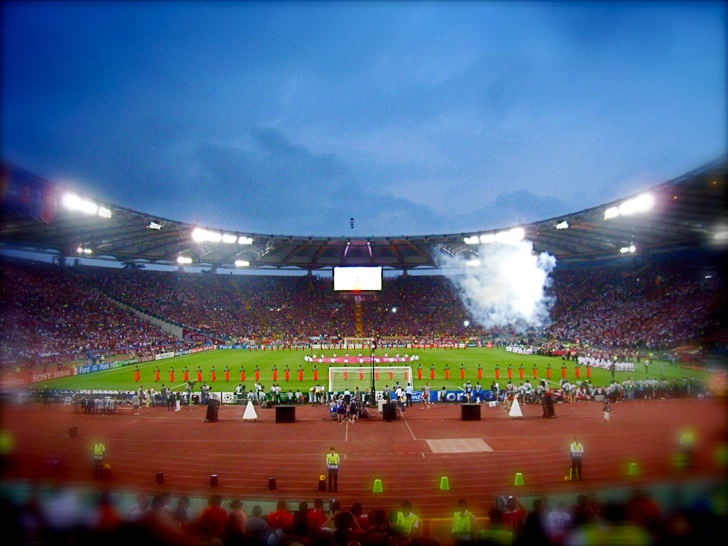 The opening ceremony of the 2009 UEFA Champions League Final between FC Barcelona and Manchester United FC on 27 May 2009
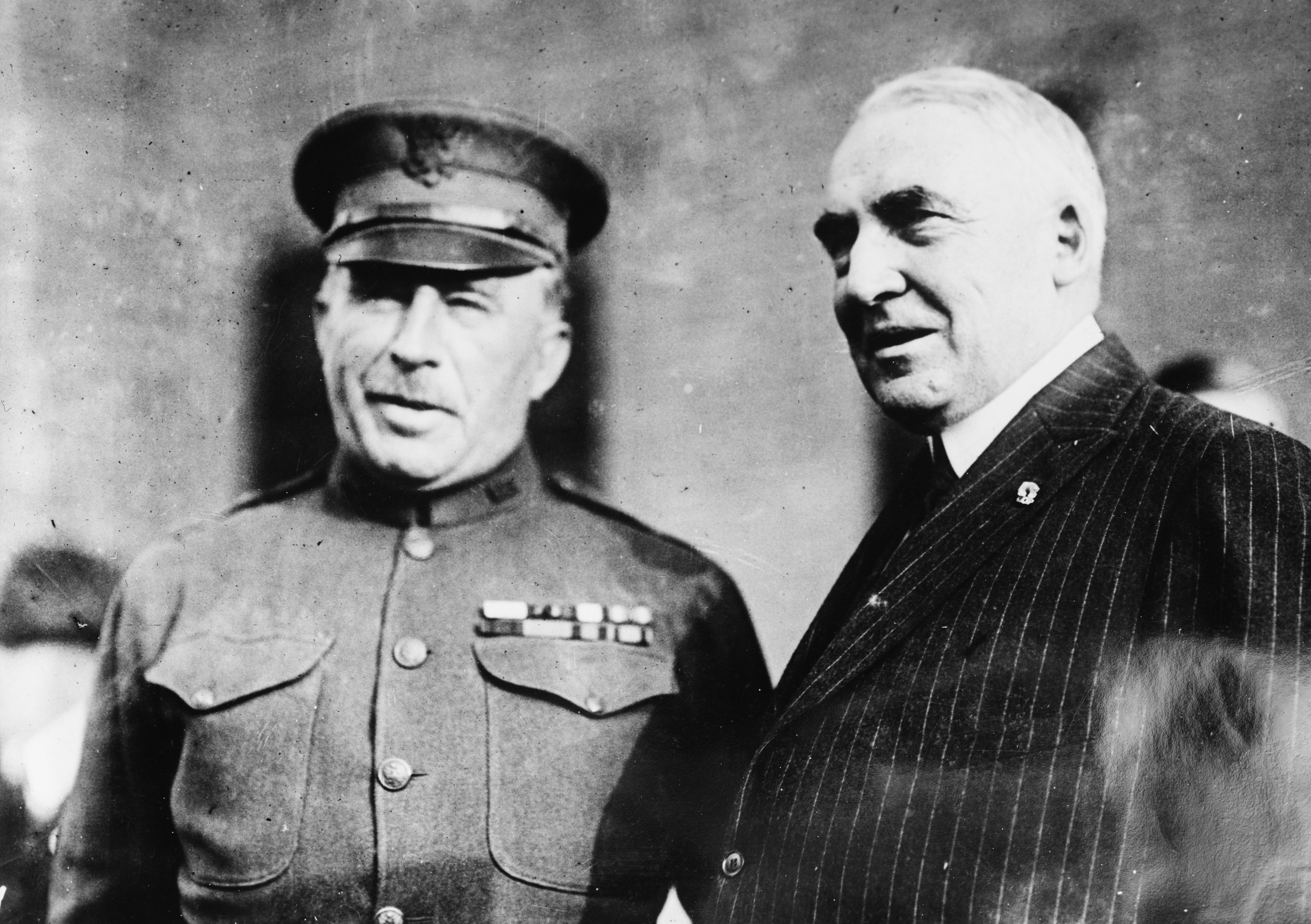 Title: Gen. Wood and Harding Abstract/medium: 1 negative : glass ; 5 x 7 in. or smaller.
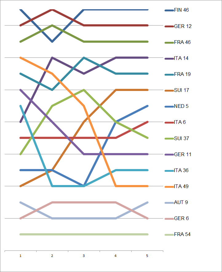 5.5 Metre positions during the 2012 Vintage Yachting Games
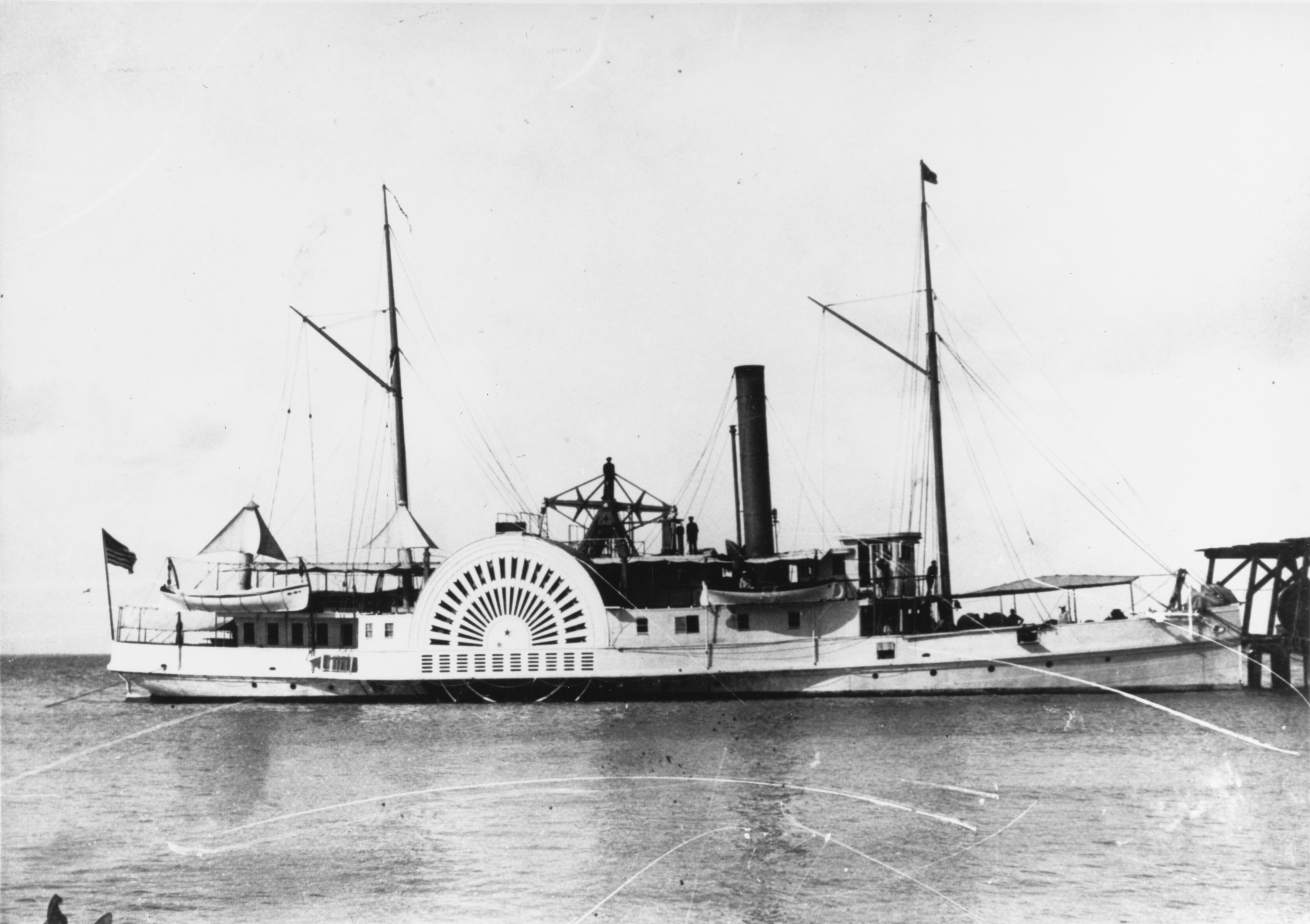 USRC Lois McLane, photographed during the last decades of the 19th century. The steamboat served as USS Delaware from 1861-65.

WORK TASK - Restate the material word for word; no picture should appear in the copy.

RESULT -
 The opening ceremony of the 2009 UEFA Champions League Final between FC Barcelona and Manchester United FC on 27 May 2009
 Title: Gen. Wood and Harding Abstract/medium: 1 negative : glass ; 5 x 7 in. or smaller.
 5.5 Metre positions during the 2012 Vintage Yachting Games
 USRC Lois McLane, photographed during the last decades of the 19th century. The steamboat served as USS Delaware from 1861-65.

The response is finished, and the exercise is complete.